**WHAT YOU ARE ASKED TO DO:** Could you restate the data below word for word, without its pictures?
─── RAW DATA
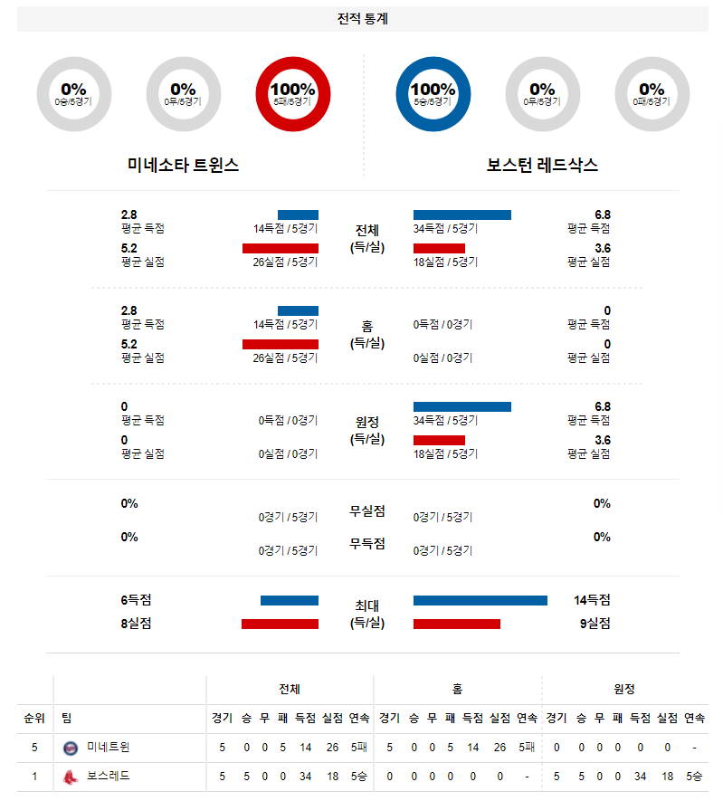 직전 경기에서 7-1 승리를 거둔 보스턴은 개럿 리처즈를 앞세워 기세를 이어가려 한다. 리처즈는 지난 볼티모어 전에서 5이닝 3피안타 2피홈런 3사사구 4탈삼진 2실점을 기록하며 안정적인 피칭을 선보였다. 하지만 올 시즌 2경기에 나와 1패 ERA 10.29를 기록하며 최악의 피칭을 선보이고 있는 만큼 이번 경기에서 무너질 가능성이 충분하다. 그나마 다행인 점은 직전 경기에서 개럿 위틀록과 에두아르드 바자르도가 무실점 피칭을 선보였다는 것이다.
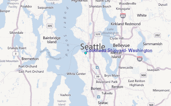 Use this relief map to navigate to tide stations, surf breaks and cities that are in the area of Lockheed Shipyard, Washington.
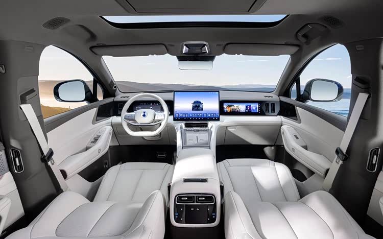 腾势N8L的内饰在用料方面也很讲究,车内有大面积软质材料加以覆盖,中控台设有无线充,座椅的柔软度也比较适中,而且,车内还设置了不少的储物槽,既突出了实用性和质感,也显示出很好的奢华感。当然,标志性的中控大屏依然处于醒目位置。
──────
**RESPONSE:**
 직전 경기에서 7-1 승리를 거둔 보스턴은 개럿 리처즈를 앞세워 기세를 이어가려 한다. 리처즈는 지난 볼티모어 전에서 5이닝 3피안타 2피홈런 3사사구 4탈삼진 2실점을 기록하며 안정적인 피칭을 선보였다. 하지만 올 시즌 2경기에 나와 1패 ERA 10.29를 기록하며 최악의 피칭을 선보이고 있는 만큼 이번 경기에서 무너질 가능성이 충분하다. 그나마 다행인 점은 직전 경기에서 개럿 위틀록과 에두아르드 바자르도가 무실점 피칭을 선보였다는 것이다.
 Use this relief map to navigate to tide stations, surf breaks and cities that are in the area of Lockheed Shipyard, Washington.
 腾势N8L的内饰在用料方面也很讲究,车内有大面积软质材料加以覆盖,中控台设有无线充,座椅的柔软度也比较适中,而且,车内还设置了不少的储物槽,既突出了实用性和质感,也显示出很好的奢华感。当然,标志性的中控大屏依然处于醒目位置。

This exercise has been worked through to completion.